For the first time since entering the league, Ramirez fell out of the top-five in fantasy value and the top-seven in WAR at shortstop in 2011. Some of this was due to injury, as he played just 92 games. However, you’ll notice in the table below that his runs and home runs on a per-game basis were at career lows as well. Ramirez’ power was sapped and, thanks in part to a bad Marlins team, his scoring ability was mediocre.
In 2012, some expected Ramirez to bounce back with the move to third base being more forgiving on his body and the line-up around him being a bit better. A return to health helped and his value was restored, but he wasn’t quite the player he was before – the runs were down even further, the stolen bases fell off a cliff, and the home runs didn’t recuperate enough value to push him past fifth.
This year there was some trepidation as to whether Ramirez, now back at shortstop, would hold up in his age-29 season. Enter a thumb injury in spring training, and Ramirez’ value in late drafts was low. Some thought to grab him and stash him on their DL, but a thigh injury after just four games put him back on the shelf.
Since his return on June 4, though, we’ve been treated to a taste of the “old Hanley,” as Ramirez has been insanely productive. It’s a small 32-game sample, of course, but on a per game basis his runs and home runs are higher than they have been since 2008, his RBI their highest since 2009, and his batting average a ludicrous and unsustainable .410. The stolen bases haven’t come back and it’s possible that the thigh strain will prevent that value from returning this year, but he’s done enough in a third of the time as everyone else to rank 14th among shortstops in full-season value, first in per-game value by a landslide.
Ramirez is striking out and walking less than is normal for him, meaning his sky-high BABIP has had additional influence on his final line. However, his .420 BABIP can’t be looked at alone, as he’s been a .334 BABIP guy for his career, a rate that was even higher until 2011. A reason it’s been so good in 2013? A 27.3% line drive rate, one of the best in baseball. Further to that, the line drives have been taken out of his fly balls more than his groundballs, creating a batted ball profile that screams high-BABIP player. Some of these elements are subject to stringer bias, but I’d guess that if he qualified he’d rank highly on ESPN’s proprietary Well Hit Average, too.

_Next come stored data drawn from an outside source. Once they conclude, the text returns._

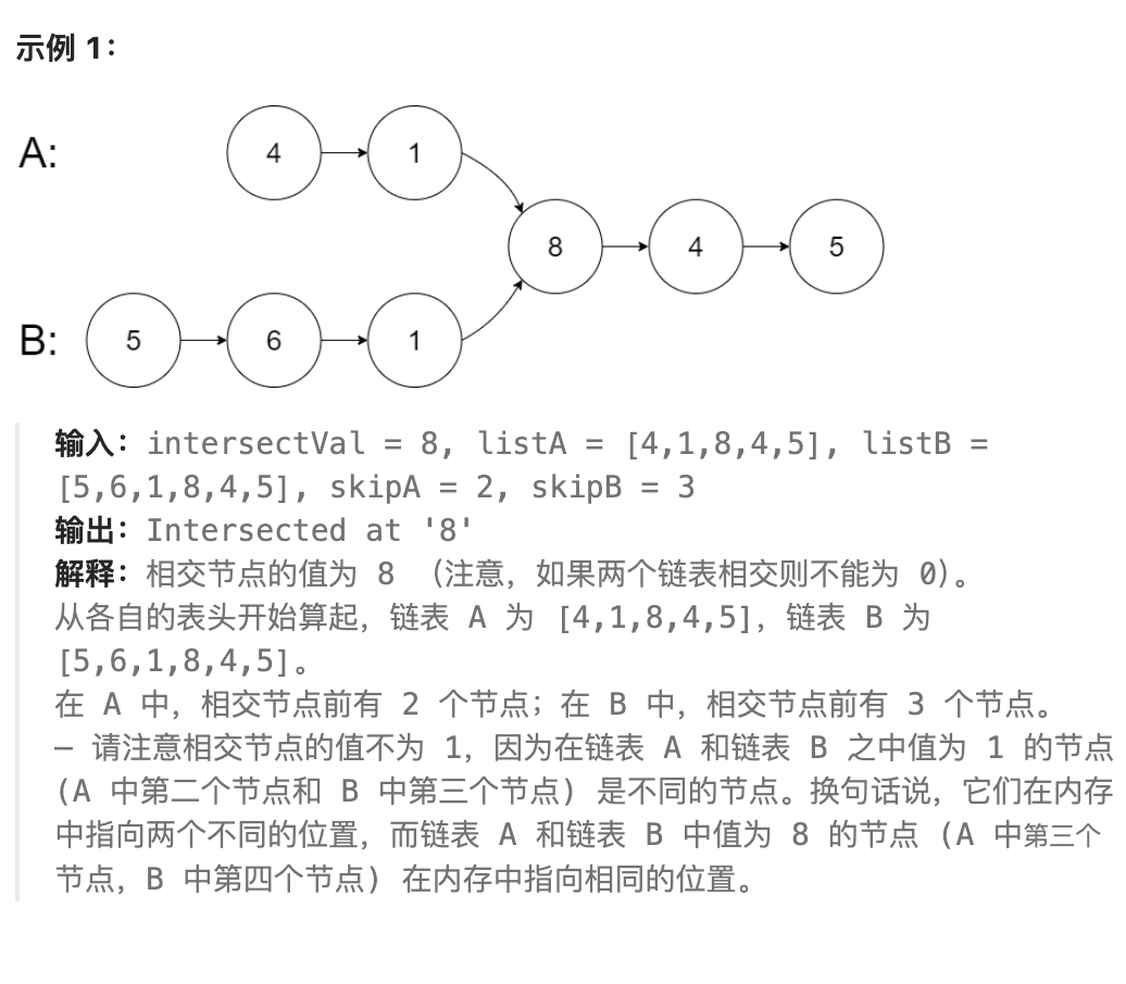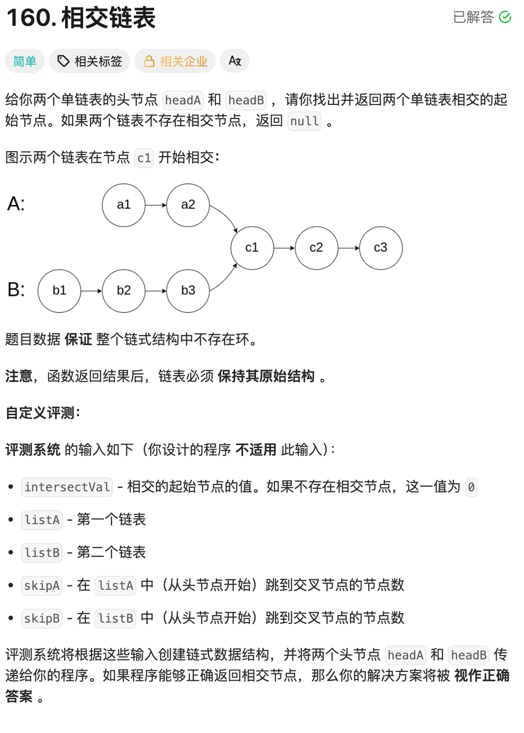 题目链接: https://leetcode.cn/problems/intersection-of-two-linked-lists/?envType=problem-list-v2&envId=2cktkvj
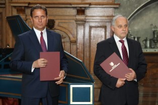 Nz. od lewej Prezydent Miasta Gdańska Paweł Adamowicz oraz Prezes Pracodawców Pomorza Zbigniew Canowiecki
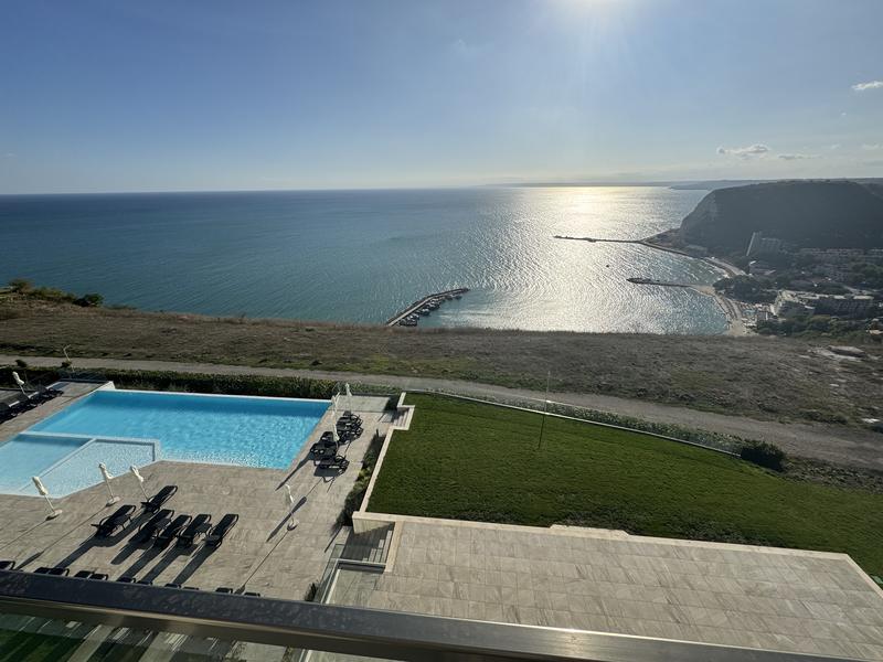 Выберите свой новый панорамный дом с парковочным местом, включенным в цену, в новом жилом доме с Актом 16, построенном в курортной зоне Каварны, на высоком берегу Черного моря, всего в 1 км от пляжа, в 5 минутах от центра города, в 12 минутах от всемирно известных полей для
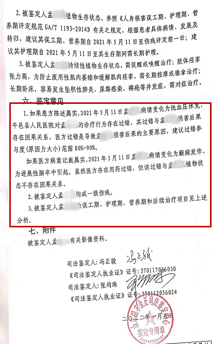 2022年1月5日,山东银丰金正司法鉴定意见中心作出的司法鉴定意见书称,2021年11月15日,医患双方均认可孟钎仍为“持续性植物生存状态”,事发后孟钎女儿认为他是发生低血压休克,医方认为他是癫痫发作,根据现有材料,他当时病情发生哪一种变化,无法确认。
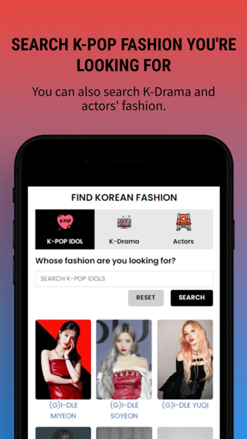 - Search for your favorite Korean star's fashion.
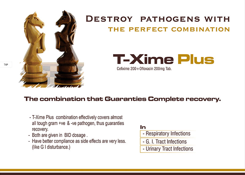 | T-XIME PLUS | Cefixime 200mg with Ofloxacin 200mg Tablet | 10x10 Alu-Alu | View Catalog | View Product |
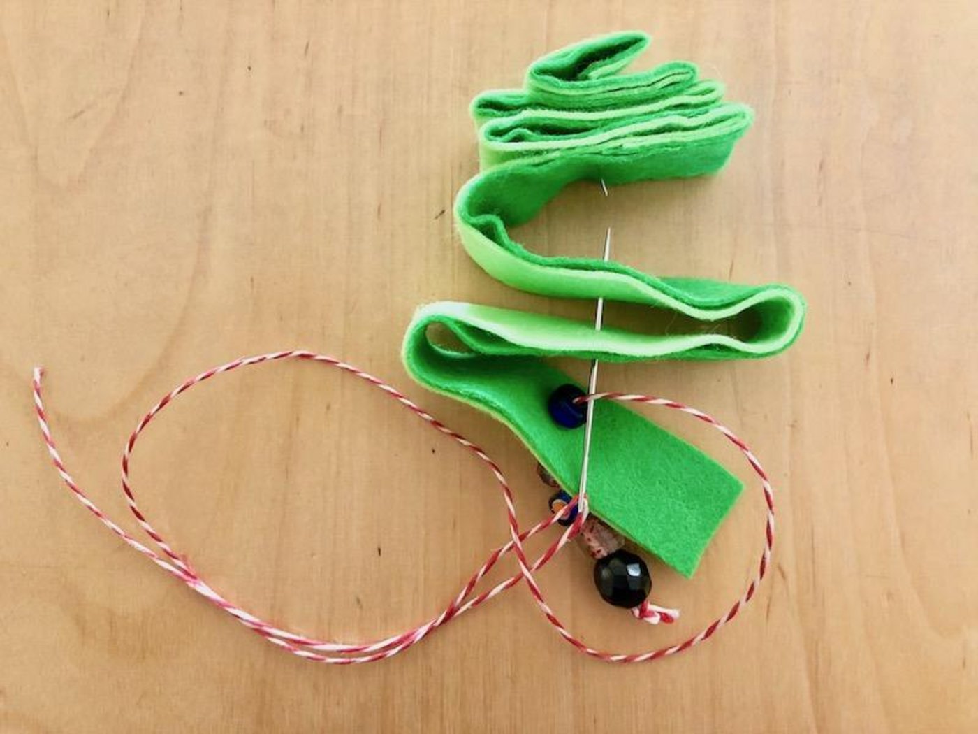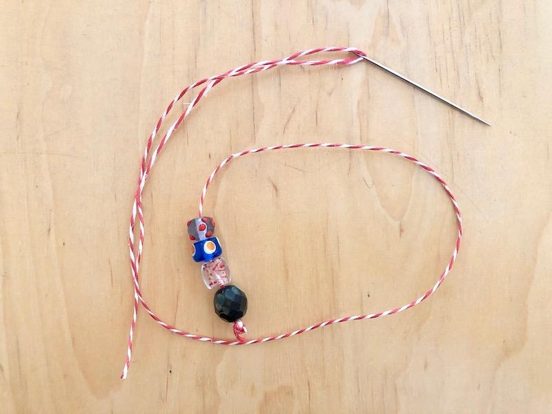 3. Am Fadenende einen grossen Knopf machen und ein paar Glaskugeln für den Stamm aufziehen.

But it’s not all rainbows and lollipops – Ramirez has a striking rise in his O-Swing%, perhaps learning from teammate Yasiel Puig, and he’s swung at more pitches overall without much of an uptick in contact rate.
This ultra-aggressive new Ramirez might be the perfect approach to rebuild his confidence, but it’s nowhere close to sustainable once the strikeouts start presenting themselves. With that said, it’s difficult to look at the runs and the power coming back up and not conclude that he’s a huge asset at the pivot. If you can convince someone in your league that he’s due for BABIP regression and a slump, by all means do so and then grab him.
He’s not the Hanley of old, because few shortstops have ever been so good for so long. But he’s showing enough of the old Hanley to make him a top-two fantasy shortstop for the rest of the season. (Inside the top two, flip a coin between him and Troy Tulowitzki to see who gets hurt next and falls to second place.)